The PHOELIX package draws heavily on two existing sets of programs; the original MRC routines for helical processing [Moore, Huxley, and DeRosier, 1970; DeRosier and Moore, 1970] and the SUPRIM software package [Schroeter and Bretaudiere, 1995]. We have associated an independent name with this repackaged and extended set of routines for reasons of clarity and convenience and in order to emphasize that there are several additions and modifications as compared to the routines which are currently in general use. Most of these additional routines have been written as extensions to SUPRIM and adhere to the philosophy of developing modular filters compatible with the UNIX operating system.
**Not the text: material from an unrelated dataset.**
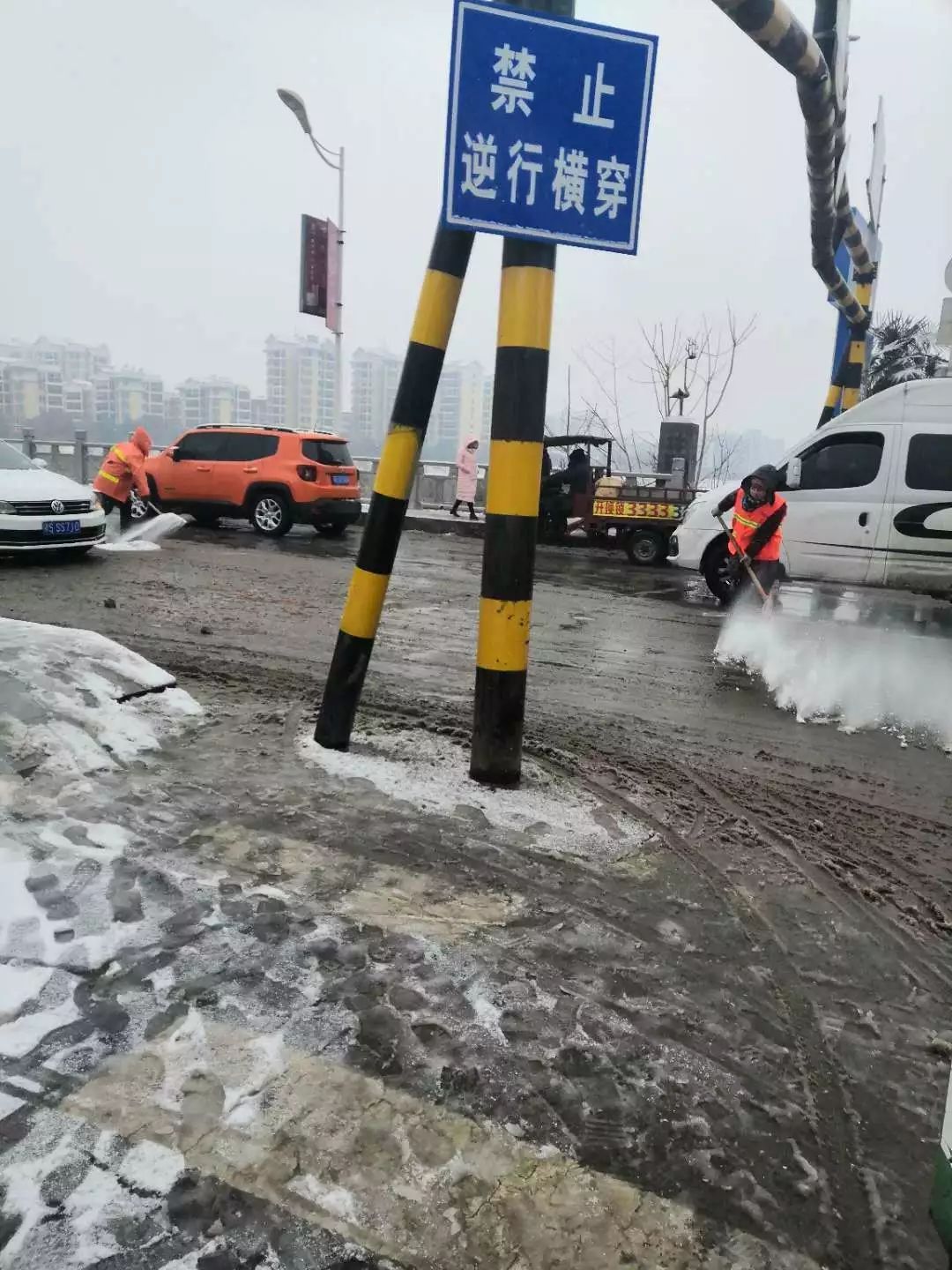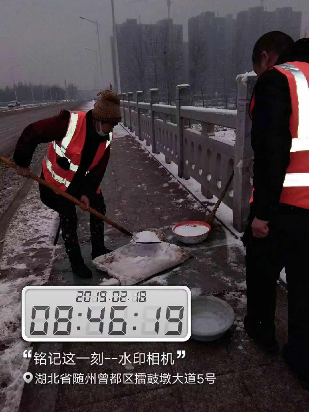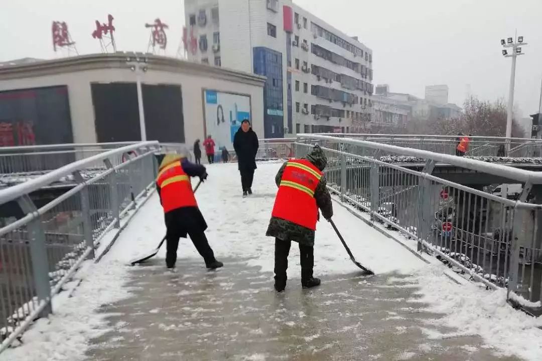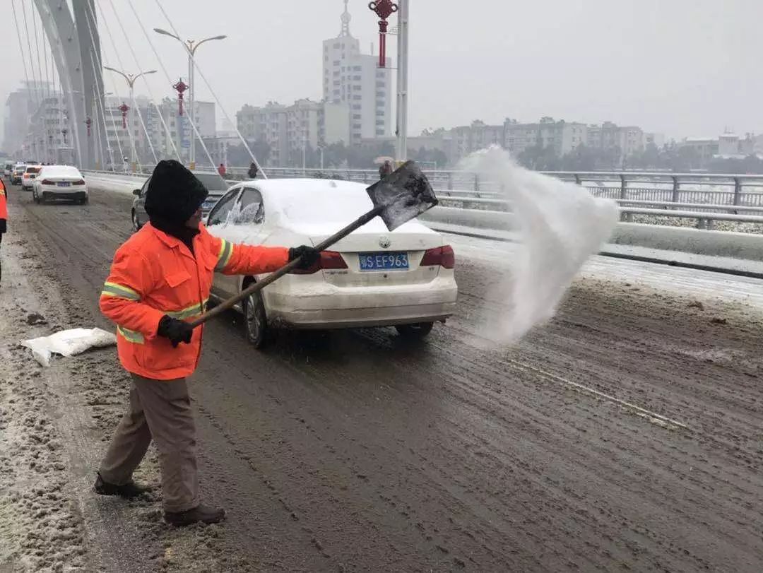 这次雨雪天气突如其来,除雪强度大,任务重,曾都区上下深入除雪保畅第一线,在桥梁、人行道等路段不间断地撒盐除雪,确保道路畅通。

PHOELIX is similar in several ways to the semi-automated set of routines developed by DeRosier and Morgan [Morgan and DeRosier, 1992] for helical processing but has been developed for UNIX operating systems and the Silicon Graphics graphics language.
The PHOELIX package has dramatically improved the efficiency with which we are able to process filaments of actomyosin, and the increased signal/noise has allowed the determination of actomyosin 3D maps at ~25 Å resolution, compared to ~35 Å previously. It should be readily adaptable to other helical filaments and its highly modular structure allows for the easy modification or incorporation of additional or improved procedures. The package is available on request by sending email to mike@scripps.edu or bcarr@uiuc.edu.
Overview
The series of steps which are required to proceed from a set of digitized micrographs to a final 3D density map are organized by the PHOELIX package as shown schematically in figure 1. Briefly, the filaments must be straightened; layer lines must be identified in the Fourier transform according to some selection rule; these layer lines must be corrected for tilt and shift; brought to a common phase origin with all other filaments to be used in calculating the final average structure; and the final density map must be calculated by Fourier Bessel inversion and summation. These steps have been described several times before [Milligan and Flicker, 1987, Unwin, 1993, McGough et al. 1994, Whittaker et al, 1995] and are not presented in any detail here. We will however very briefly highlight some of the steps which are designed to emulate the operator decisions and present brief details of some new additions and improvements to the PHOELIX package.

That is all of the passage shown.